## REQUIRED ACTION:
Collect all lines below with the string "religiosas".

## DATA FOR THIS TASK:
+ + + + +
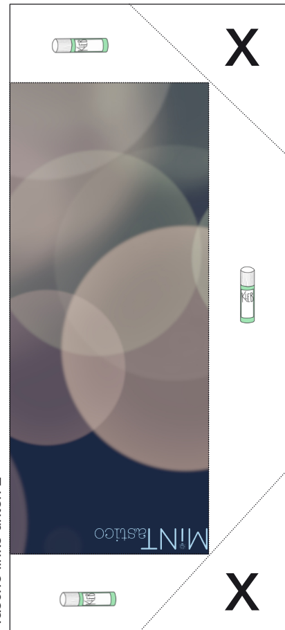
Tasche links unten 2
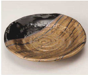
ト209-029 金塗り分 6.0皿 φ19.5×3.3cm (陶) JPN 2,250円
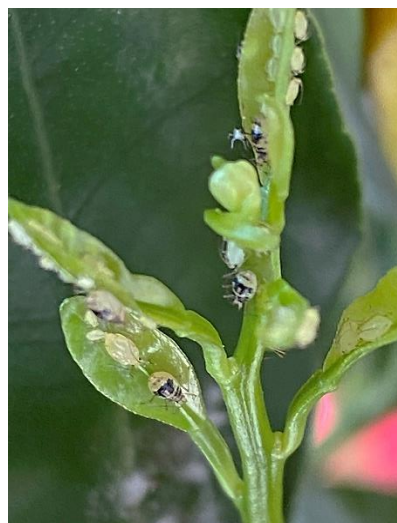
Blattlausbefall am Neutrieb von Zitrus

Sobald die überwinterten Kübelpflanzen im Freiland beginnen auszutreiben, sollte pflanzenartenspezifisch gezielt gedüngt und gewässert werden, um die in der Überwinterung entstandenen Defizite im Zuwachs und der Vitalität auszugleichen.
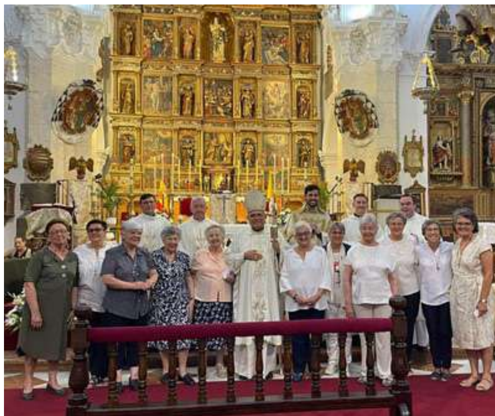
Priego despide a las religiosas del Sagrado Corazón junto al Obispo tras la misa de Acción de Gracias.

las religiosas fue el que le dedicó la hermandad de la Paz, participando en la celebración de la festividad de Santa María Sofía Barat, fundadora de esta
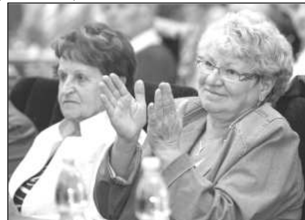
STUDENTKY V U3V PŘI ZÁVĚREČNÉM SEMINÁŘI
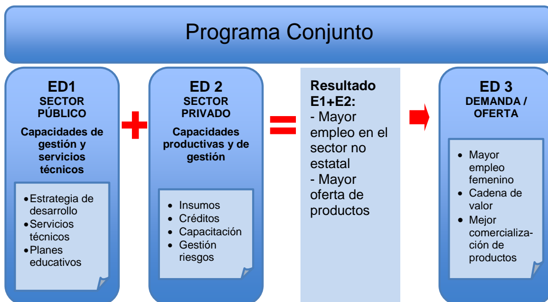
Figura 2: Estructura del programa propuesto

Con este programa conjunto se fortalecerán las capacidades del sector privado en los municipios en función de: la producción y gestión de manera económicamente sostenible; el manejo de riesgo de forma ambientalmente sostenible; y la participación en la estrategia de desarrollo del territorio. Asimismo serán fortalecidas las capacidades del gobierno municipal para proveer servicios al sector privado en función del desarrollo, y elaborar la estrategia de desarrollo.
+ + + + +
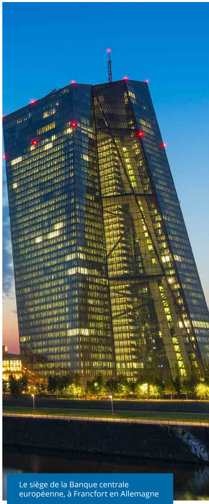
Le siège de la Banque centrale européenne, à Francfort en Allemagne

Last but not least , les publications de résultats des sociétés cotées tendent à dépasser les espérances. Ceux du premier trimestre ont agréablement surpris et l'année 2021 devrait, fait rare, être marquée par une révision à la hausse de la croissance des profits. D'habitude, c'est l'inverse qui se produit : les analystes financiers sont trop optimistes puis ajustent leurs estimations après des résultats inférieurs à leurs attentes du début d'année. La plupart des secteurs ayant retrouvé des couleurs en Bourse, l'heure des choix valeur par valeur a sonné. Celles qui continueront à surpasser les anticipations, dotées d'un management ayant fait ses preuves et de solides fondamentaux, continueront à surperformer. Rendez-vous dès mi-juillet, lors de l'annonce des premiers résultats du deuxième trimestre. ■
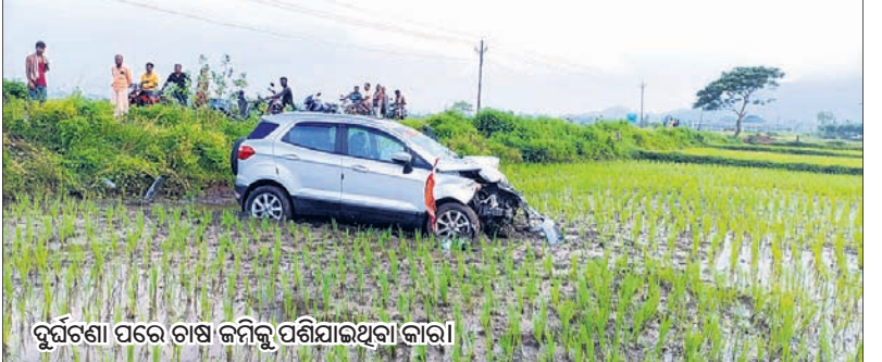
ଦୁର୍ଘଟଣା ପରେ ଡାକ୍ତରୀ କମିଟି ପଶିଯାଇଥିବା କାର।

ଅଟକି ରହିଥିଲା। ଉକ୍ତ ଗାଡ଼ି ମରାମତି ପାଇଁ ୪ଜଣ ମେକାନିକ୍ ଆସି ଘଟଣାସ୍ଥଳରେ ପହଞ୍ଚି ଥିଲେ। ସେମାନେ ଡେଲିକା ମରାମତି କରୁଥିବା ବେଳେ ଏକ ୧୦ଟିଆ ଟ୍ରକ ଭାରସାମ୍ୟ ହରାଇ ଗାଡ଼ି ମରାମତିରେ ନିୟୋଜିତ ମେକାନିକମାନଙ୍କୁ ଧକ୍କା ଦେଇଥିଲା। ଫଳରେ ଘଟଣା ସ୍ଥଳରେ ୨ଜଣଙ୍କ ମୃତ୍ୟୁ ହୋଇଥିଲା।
+ + + + +
## EXPECTED ANSWER:
Priego despide a las religiosas del Sagrado Corazón junto al Obispo tras la misa de Acción de Gracias.
las religiosas fue el que le dedicó la hermandad de la Paz, participando en la celebración de la festividad de Santa María Sofía Barat, fundadora de esta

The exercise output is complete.